After the journal commit, the buffer heads may be written out, but
they don't get written out right away; the kernel will only write them
out when the periodic buffer cache flush takes place, *or* if the
journal need to wrap, at which point if there are pending writes to an
old commit that haven't been superceded by another journal commit, the
jbd layer has to force them out.
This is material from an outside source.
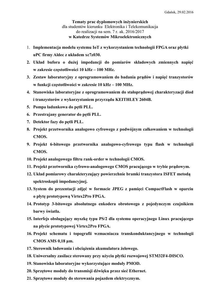 Gdańsk, 29.02.2016 Tematy prac dyplomowych inżynierskich dla studentów kierunku Elektronika i Telekomunikacja do realizacji na sem. 7 r. ak. 2016/2017 w Katedrze Systemów Mikroelektronicznych 1. Implementacja modelu systemu IoT z wykorzystaniem technologii FPGA oraz płytki uPC firmy Aldec z układem xc7z030. 2. Układ bufora o dużej impedancji do pomiarów składowych zmiennych napięć w zakresie częstotliwości 10 kHz – 100 MHz. 3. Zestaw laboratoryjny z oprogramowaniem do badania prądów i napięć tranzystorów w funkcji częstotliwości w zakresie 10 kHz – 100 MHz. 4. Stanowisko laboratoryjne z oprogramowaniem do stałoprądowej charakteryzacji diod i tranzystorów z wykorzystaniem przyrządu KEITHLEY 2604B. 5. Pompa ładunkowa do pętli PLL. 6. Przestrajany generator do pętli PLL. 7. Detektor fazy do pętli PLL. 8. Projekt przetwornika analogowo cyfrowego z podwójnym całkowaniem w technologii CMOS. 9. Projekt 6-bitowego przetwornika analogowo-cyfrowego typu flash w technologii CMOS. 10. Projekt analogowego filtru rank-order w technologii CMOS. 11. Projekt przetwornika cyfrowo-analogowego CMOS pracującego w trybie prądowym. 12. Układ pomiarowy charakteryzujący powierzchnie bramki tranzystora ISFET metodą spektroskopii impedancyjnej. 13. System do prezentacji zdjęć w formacie JPEG z pamięci CompactFlash w oparciu o płytę prototypową Virtex2Pro FPGA. 14. Prototyp 3-bitowego absolutnego enkodera obrotowego z pojedynczym czujnikiem barwy światła. 15. Interfejs obsługujący myszkę typu PS/2 dla systemu operacyjnego Linux pracującego na płycie prototypowej Virtex2Pro FPGA. 16. Projekt schematu i topografii wzmacniacza transkonduktancyjnego w technologii CMOS AMS 0,18 μm. 17. Sterownik ładowania i obciążenia akumulatora żelowego. 18. Uniwersalny zasilacz sterowany przy użyciu płytki rozwojowej STM32F4-DISCO. 19. Stanowisko laboratoryjne wykorzystujące moduły PMOD. 20. Sprzętowe moduły do transmisji dźwięku przez sieć Ethernet. 21. Sprzętowe moduły do sterowania pojazdem elektrycznym. Temat w języku polskim Implementacja modelu systemu IoT z wykorzystaniem technologii FPGA oraz płytki uPC firmy Aldec z układem xc7z030. Temat w języku angielskim Implementation model of the IoT system using FPGA logic, based on uPC Aldec board and chip Zynq xc7z030. Opiekun pracy prof. dr hab. inż. Stanisław Szczepański Konsultant pracy mgr inż. Wojciech Żebrowski (Alatek) Cel pracy Zadania Literatura Uwagi Temat w języku polskim Temat w języku angielskim Opiekun pracy Konsultant pracy Cel pracy Zadania Literatura Uwagi Celem pracy jest opracowanie systemu inteligentnego domu realizującego koncepcję "Internet of Things". Model urządzenia powinien współpracować z procesorem Cortex A9 i umożliwiać wykorzystanie koncepcji w systemie operacyjnym Linux (Petalinux lub Android). 1. Zaprojektowanie systemu w opraciu o wybrane czujniki. 2. Wykonanie koncepcji inteligentnego domu w postaci Ipcora,(warstwa fizyczna w FPGA, warstwa programowa Cortex A9). 3. Opracowanie sterowników dla systemu operacyjnego Linux. 4. Wykonanie aplikacji w środowisku Xilinx SDK. 5. Napisanie aplikacji dla smartfona z systemem Android. [1.] Louise H.Crockett Ross A. Elliot Martin A. Enderwitz Robert W. Stewart Department of Electronic and Electrical Engineering University of Strathclyde Glasgow, Scotland, UK „Embedded Processing with the ARM®Cortex® -A9 on the Xilinx ® Zynq®-7000 All Programmable SoC”.edition 1 year 2014. [2.] Kevin Ashton, "That 'Internet of Things' Thing", RFID Journal, 22 June 2009. [3.] Kevin Ashton “Internet of Things” year 1999. [4.] Bruce Eckel - „Thinking In C” Edycja Polska 2002. [5.] Peter Flake „System Verilog for Design” rok 2010. [6.] Roman Wantoch-Rekowski „Android w praktyce : projektowanie aplikacji” rok 2014 . Projekt dotyczy systemu do sterowania "inteligentnym domem" z użyciem możliwości technologii "Internet of Things". Układ bufora o dużej impedancji do pomiarów składowych zmiennych napięć w zakresie częstotliwości 10 kHz – 100 MHz. High impedance buffer circuit for measurement of AC components of voltages for the frequency range of 10 kHz – 100 MHz. dr hab. inż. Piotr Płotka dr hab. inż. Piotr Płotka Układ bufora włączanego między badany tranzystor i oscyloskop, służący do pomiaru amplitud i faz składowych zmiennych napięć i prądów tranzystorów małej mocy w zakresie 10 kHz – 100 MHz. Zaprojektowany bufor powinien mieć moduł impedancji znacznie większy od modułów imedancji wejściowych i wyjściowych badanych tranzystorów. 1. Zapoznanie się z małosygnałowymi właściwościami tranzystorów bipolarnych i MOS w zależności od częstotliwości sygnału. 2. Wybór elementów, projekt i uruchomienie układu bufora. 3. Projekt i uruchomienie prostego wzmacniacza WE (WS) z czterema buforami, umożliwiającego określanie zależności modułów i faz prądów i napięć wejściowych i wyjściowych od częstotliwości sygnału. [1.] Karty katalogowe wybranych układów scalonych i elementów – j. angielski. [2.] R. Paul, Technika Pomiarów Tranzystorów, WKiŁ, Warszawa 1973. [3.] E. Stolarski, Miernictwo Tranzystorowe, WNT, Warszawa 1984. [4.] D. K. Schroder, "Semiconductor Material and Device Characterization", 3. wyd., Wiley, 2006 [5.] M.Polowczyk, E.Klugmann, Przyrządy Półprzewodnikowe", Wyd.PG, 2001. [6.] W. Marciniak, „Przyrządy półprzewodnikowe i układy scalone”, WNT, 1979. Temat w języku polskim Temat w języku angielskim Opiekun pracy Konsultant pracy Cel pracy Zadania Literatura Uwagi Zestaw laboratoryjny z oprogramowaniem do badania prądów i napięć tranzystorów w funkcji częstotliwości w zakresie 10 kHz – 100 MHz. Laboratory setup and software for testing of current and voltage frequency dependencies of transistors in the range of 10 kHz – 100 MHz. dr hab. inż. Piotr Płotka dr hab. inż. Piotr Płotka Układ i program na komputer osobisty d

But the point is this is done in an
extremely lazy fashion.
As a result, it's very tough to create a situation where a hard drive
will reorder write requests aggressively enough that we would see a
potential problem.
I suspect if we want to demonstrate the problem, we would need to do a
number of things:
* create a highly fragmented journal inode, forcing the jbd
layer to seek all over the disk while writing out the
journal blocks during a commit
* make the journal small, forcing the journal to wrap very often
* run with journal=data mode, to put maximal stress on the journal
* make the workload one which creates and deletes large number
of files scattered all over the directory hierarchy, so that
we limit the number of blocks which are rewritten,
* forcibly crash the system while subjecting the ext3
filesystem to this torture test
Given that most ext3 filesystems have their journal created at mkfs
time, so it is contiguous, and the journal is generally nice and
large, in practice I suspect it's relatively difficult (I didn't say
impossible) for us to trigger corruption given how far away we are
from the worst case scenario described above.